Graduate school organization is a key to graduate school success! Most of your time spent as a graduate student will be a delicate act of balancing and doing multiple things at the same time, but sometimes, some tasks will require more attention and focus than will others. Consequently, you must learn how to prioritize and to plan tasks to be



successful as a graduate student, especially because you probably have a limited amount of time each day to devote to homework and study. However, some students use prioritizing as an excuse to procrastinate on low-priority tasks or to ignore some tasks completely. In the following sections, we will discuss how to prioritize and to plan tasks effectively and how prioritizing tasks differs from procrastinating and ignoring tasks.

How to Prioritize and Plan

One of the most important school supplies that you should buy is a daily planner with a monthly calendar, something that will allow you to keep track of tasks on a daily, weekly, and monthly basis. At the beginning of each semester, you should write all of the major assignments, projects, etc., for all of your classes on the monthly calendar in your planner. As the semester progresses, you can use this calendar to anticipate future tasks and to prioritize those tasks according to importance. For example, while reviewing your monthly calendar, you notice that you have assignments due on the same day for two different courses. The assignment for one class is a major project for that class and makes up a significant portion of your final grade, but the other assignment for the other class is a daily, repetitive assignment that does not make up a significant portion of your final grade.
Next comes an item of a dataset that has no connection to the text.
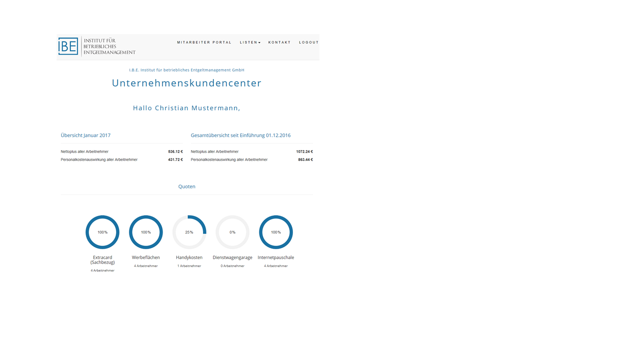 Wie beim Online-Banking gewinnen Sie hier einen schnellen und umfassenden Überblick über Ihr komplettes Entgeltmanagement: Im gesicherten Bereich des Unternehmenskundencenters finden Sie alle mit den Arbeitnehmern zur Entgeltgestaltung ausgefertigten Vertragsunterlagen, die individuellen Arbeitnehmerdaten zur Nutzung von Vergütungsbausteinen innerhalb des betrieblichen Entgeltmanagements und die systemrelevanten Rechnungen. Das Kundencenter bietet zusätzlich die Möglichkeit direkt unterschiedlichste Prozesse zu Geschäftsvorfällen anzustoßen und gezielte Informationen abzurufen.

When you plan your study sessions for those assignments, you should prioritize the major assignment over the minor assignment, starting with and spending more time on the major assignment than on anything else during your study session(s). If you do not get to the lower-priority task in one study session, then you should plan to address the lower-priority task in another study session. For this to work successfully, you will need to plan to work on assignments several days or weeks before (instead of the day before) they are due. This will also give you extra time to review and revise your work before you submit it.

How Prioritizing Differs From Procrastinating

 

You should prioritize and spend more time on major assignments than on other assignments, but this does not give you license to procrastinate on or to ignore assignments that you consider low priority. Procrastinating is intentionally avoiding a task when that task needs to be done and putting off that task until another time or until you completely forget to do the task all together, all of which defeats the purpose of planning and prioritizing. Once you have planned and prioritized a task, you should follow your schedule and do things when you originally decided to do them. Of course, unexpected events always happen to throw off your plans, but if you stay flexible and allow yourself plenty of time to complete tasks before they are due, then you should be able to adjust your plan and your priorities when something unexpected happens. Finally, prioritizing tasks does not mean that you can choose to do important tasks and not to do unimportant tasks. If you professor assigns something for you to do, then you must do it; prioritizing simply means deciding the order in which you will do something, not whether or not you will do something. Following these graduate school organization tips could help you feel more confident in your overall success in graduate school.